Юрка подхватил с земли ломик, со всей мочи туго саданул по машинному ободу – свисал с проволоки меж ёлок напротив столовки.
Угрюмый стон оплеснул всю округу.
Дрогнули на бугре согнутые над чайными рядами бабы; ладясь толком разогнуться, потекли к дороге, к тени ёлок, где проворная малышня, что заждалась матерей на обед, с огромного брезента таскала вороха чая в ящики и набивала кто кулачками, а кто ногами, – и взлетала над ящиками детвора весёлыми разноцветными мячиками.
Я стриганул в очередь за хлебом.
Нескоро еле выкружил я из давки с тремя глинистыми кукурузными буханками.
Гляжу, за колодцем Капитолий записывает мамин вес в тетрадку. Мама аккуратно рассыпает чай из своей корзинки по всем ящикам.
– Правилно марафэт дэлаэш, Поля! – заискивающе ободряет бригадир.
Мама и хмурится, и краснеет.

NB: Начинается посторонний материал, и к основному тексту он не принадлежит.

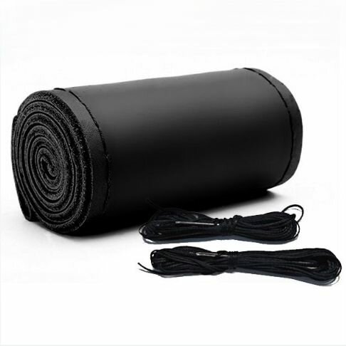 Отзывы на Универсальная оплетка 37 см из натуральной гладкой кожи на руль со шнуровкой. Черная с нитью

Не покрасневши, лица ей не износить.
Ей совестно, что чай в ящиках один хлам. Драли все, кто как мог.
Капитошик и ей намекал не церемониться. Шморгай! Позлей! Город всё проглотит! С фабрикой договорился, примут всякий сор. Начало месяца, рисуй план с нуля!
Все чуть ли не кусты с корня сдёргивали, а ей это тупик. Не может как все. Растерянно, осторожно, будто пинцетом, обирала с кустов лишь два листика и почка, два листика и почка, два листика и почка… Экстра! И своей экстрой прикрывает теперь, притрушивает по ящикам чужой разбой, чтоб на фабрике лаборанткам не так рвался в глаза.

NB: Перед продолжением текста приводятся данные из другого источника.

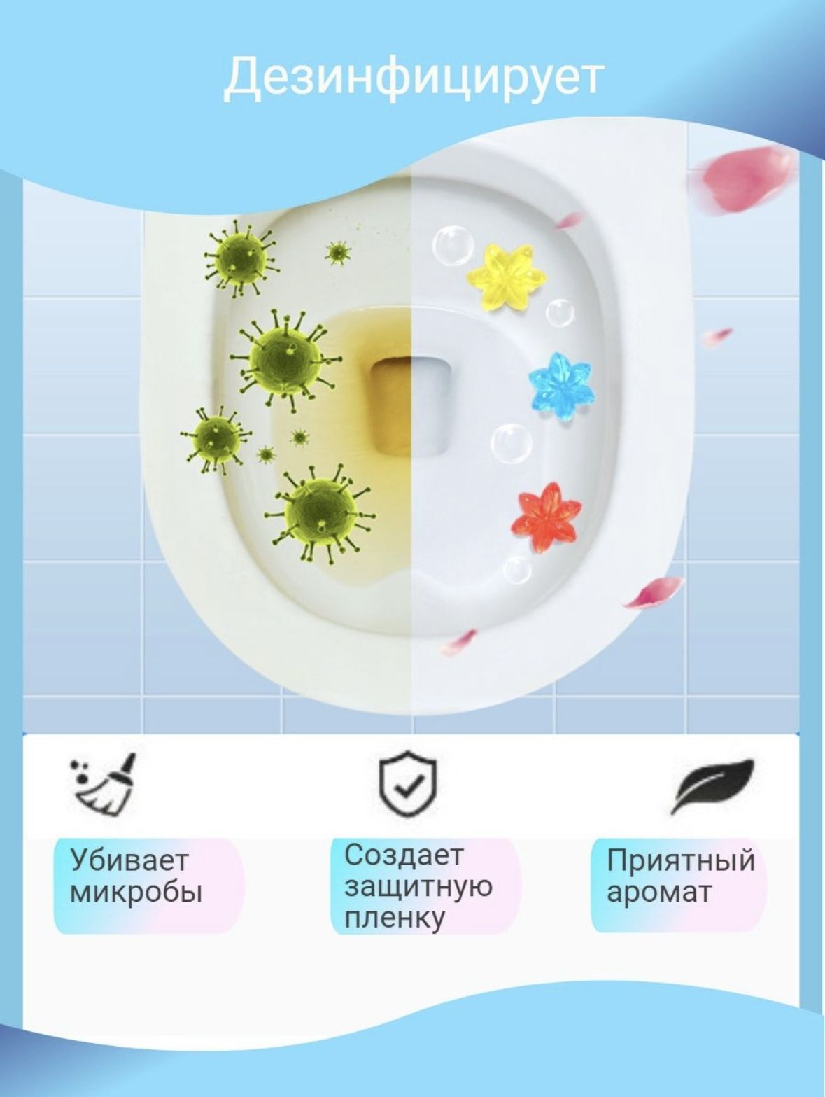 Описание: Ароматизированные стикеры очистители для унитаза с дозатором геля наполнят туалетную комнату превосходным, неповторимым запахом! Натуральные эфирные масла создают приятный свежий аромат. В комплекте есть специальный туалетный блок, с помощью которого удобно наносить диски «чистоты» на унитаз. Гель-дозатор имеет удобный поршень для выдавливания 12 маленьких цветочков очистителя . Такие таблетки для унитаза – самое удобное средство для минимальной чистки от бактерий и ароматизации туалетной комнаты. Компоненты в составе геля не дадут прилипнуть грязи, предотвращают образование желтого налета, стерилизуют поверхность. Как и многие средства для унитаза, содержащие очиститель, эти стики дезинфицируют поверхность, поддерживают чистоту, приятный аромат и свежесть унитаза. Таблетки и туалетные блоки с креплениями не всегда удобно использовать и крепить. Дозатор с гелем удобен, практичен и не требует дальнейших прикосновений после приклеивания. Отсутствие корпуса не дает скапливаться бактериям. Эффективное использование до 7 недель. Экономичный: хватает до 720 смываний. Соберите дозатор по инструкции и прижмите к сухой поверхности унитаза, нажмите и удерживайте кнопку, пока она не щелкнет. Под ободком появится гелевый диск. Спустите воду, чтобы активировать диск. Для усиления аромата выдавите несколько цветков с гелем.

Наконец мама хлопнула по перевернутой бамбуковой корзинке; последние чаинки бросились в ящик, и она, не отымая глаз от земли, сердитая, по-солдатски широко пошагала прочь.

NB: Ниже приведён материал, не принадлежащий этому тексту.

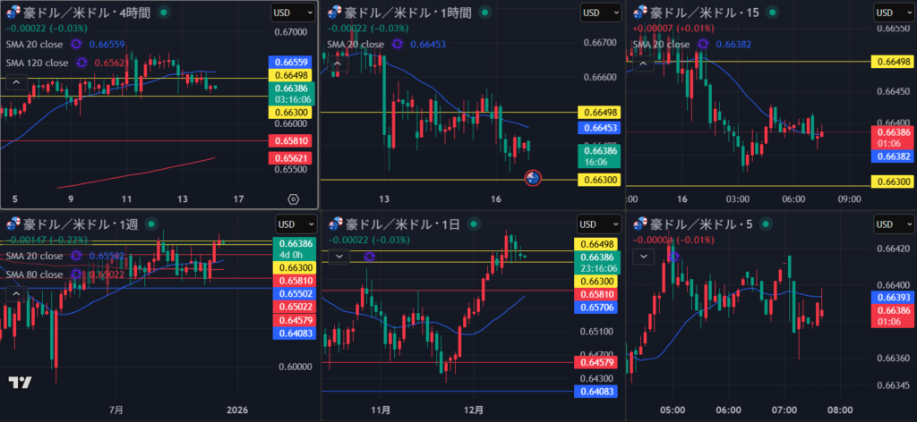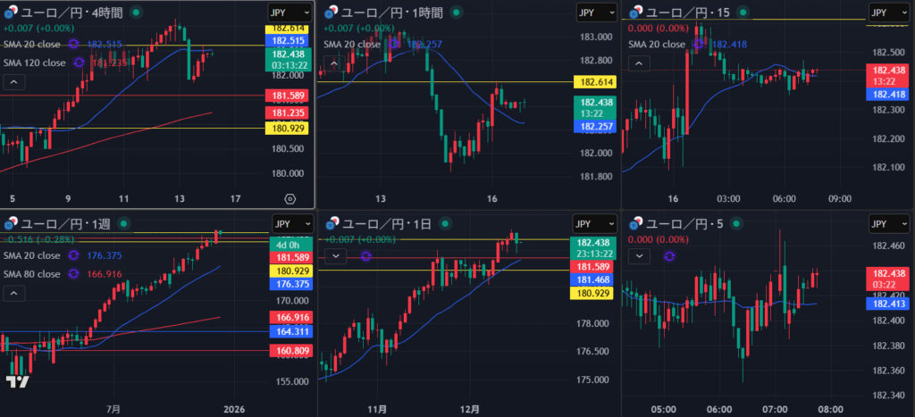 週足は上昇から一気に落としてきて日足は下落の波の途中

Сегодня была сильная роса. С кустов налило в резиновые сапоги. Вода ворчливо чавкала в них. Мокра юбка, мокра даже кофта.
Солнце сосало с мамы сырь; она устало брела, как мне привиделось, в каком-то паровом, нимбовом сиянье.
Мама прошла мимо, не заметила меня.
– Полина Владимировна, уж здрасьте, пожалуйста! – дураковато подпустил я ей вслед.
Мама оглянулась, вприщурку уставилась на меня, словно на человека, которого где-то, кажется, видела, но никак не могла вспомнить, где именно.
Я пошёл с нею рядом.
Одной рукой я вёл велик, другой поджимал к боку три плоские жёлтые буханки.
Она молча взяла хлеб в корзинку, настороженно спросила:
– Что так скоро сёгодни? Не выгнали там за слишком звонкие успешности?
– За успехи, ма, кто ж выгонит?.. Трёх уроков не было. После праздника учителя болеют тяжело.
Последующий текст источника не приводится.